■ **TASK ITEM**
All of the data below should be repeated exactly. Pictures should not be included.
** Opening PROVIDED MATERIAL block **
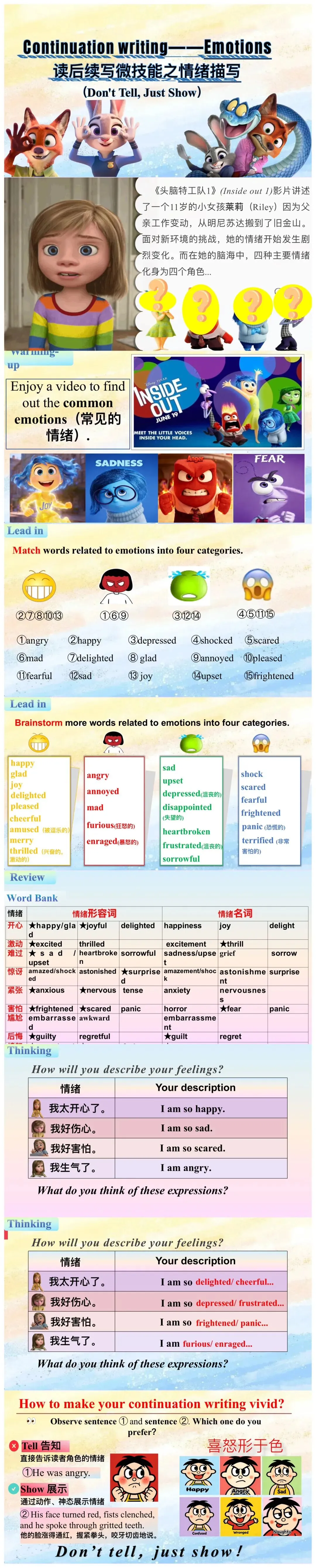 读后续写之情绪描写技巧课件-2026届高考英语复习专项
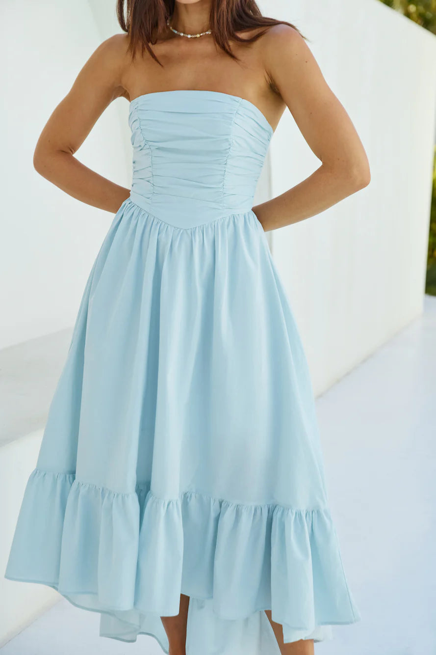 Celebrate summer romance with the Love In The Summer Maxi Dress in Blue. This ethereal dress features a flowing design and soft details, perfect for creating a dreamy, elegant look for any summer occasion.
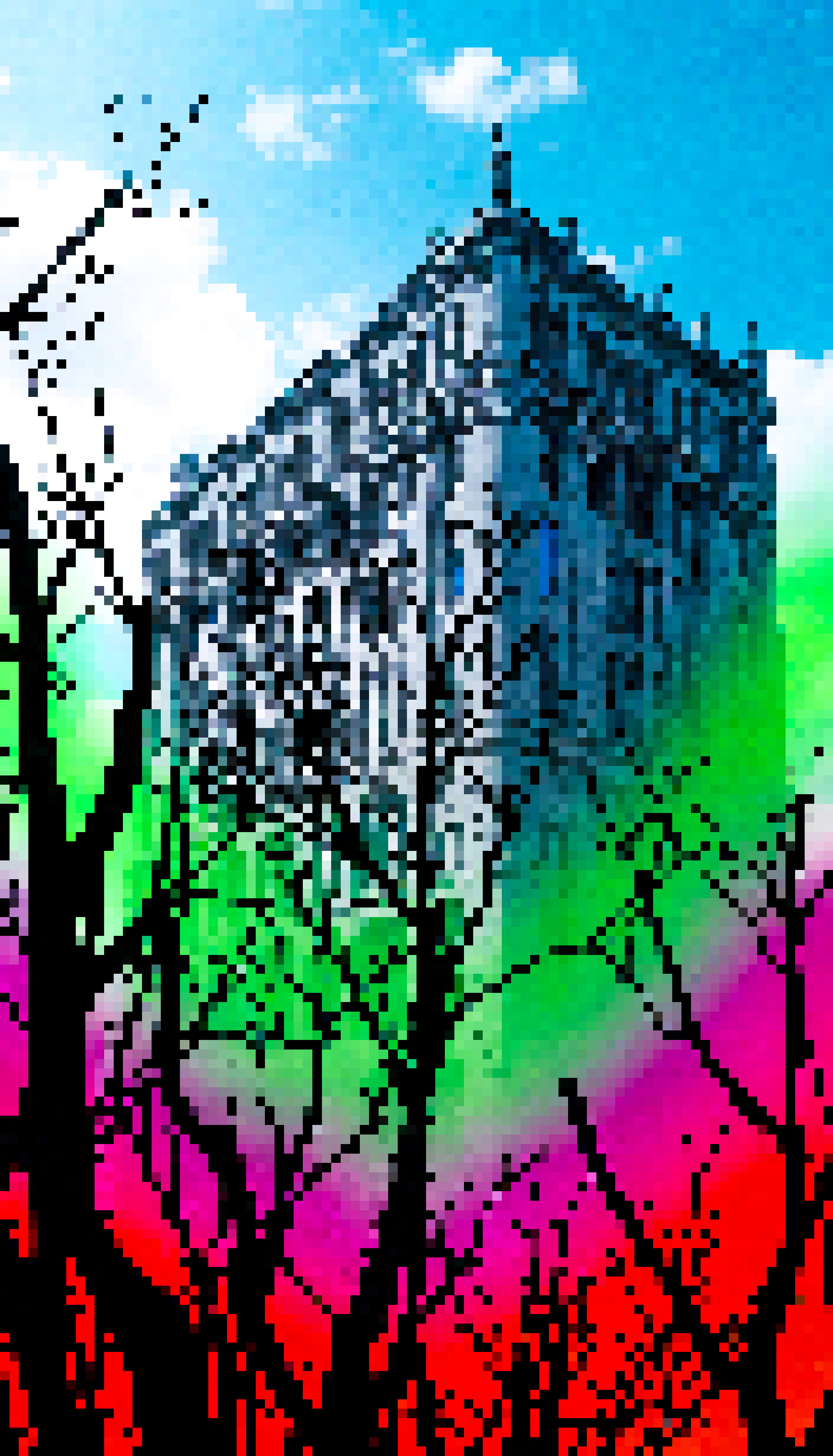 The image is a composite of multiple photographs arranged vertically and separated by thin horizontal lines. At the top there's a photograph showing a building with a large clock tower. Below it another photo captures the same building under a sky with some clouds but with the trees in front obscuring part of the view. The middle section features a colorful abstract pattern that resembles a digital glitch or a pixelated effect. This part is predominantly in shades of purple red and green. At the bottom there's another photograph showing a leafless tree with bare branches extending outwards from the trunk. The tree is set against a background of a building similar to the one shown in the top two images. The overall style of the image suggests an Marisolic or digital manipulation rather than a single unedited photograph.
** Closing PROVIDED MATERIAL block **
■ **SOLVED PROBLEM**
 读后续写之情绪描写技巧课件-2026届高考英语复习专项
 Celebrate summer romance with the Love In The Summer Maxi Dress in Blue. This ethereal dress features a flowing design and soft details, perfect for creating a dreamy, elegant look for any summer occasion.
 The image is a composite of multiple photographs arranged vertically and separated by thin horizontal lines. At the top there's a photograph showing a building with a large clock tower. Below it another photo captures the same building under a sky with some clouds but with the trees in front obscuring part of the view. The middle section features a colorful abstract pattern that resembles a digital glitch or a pixelated effect. This part is predominantly in shades of purple red and green. At the bottom there's another photograph showing a leafless tree with bare branches extending outwards from the trunk. The tree is set against a background of a building similar to the one shown in the top two images. The overall style of the image suggests an Marisolic or digital manipulation rather than a single unedited photograph.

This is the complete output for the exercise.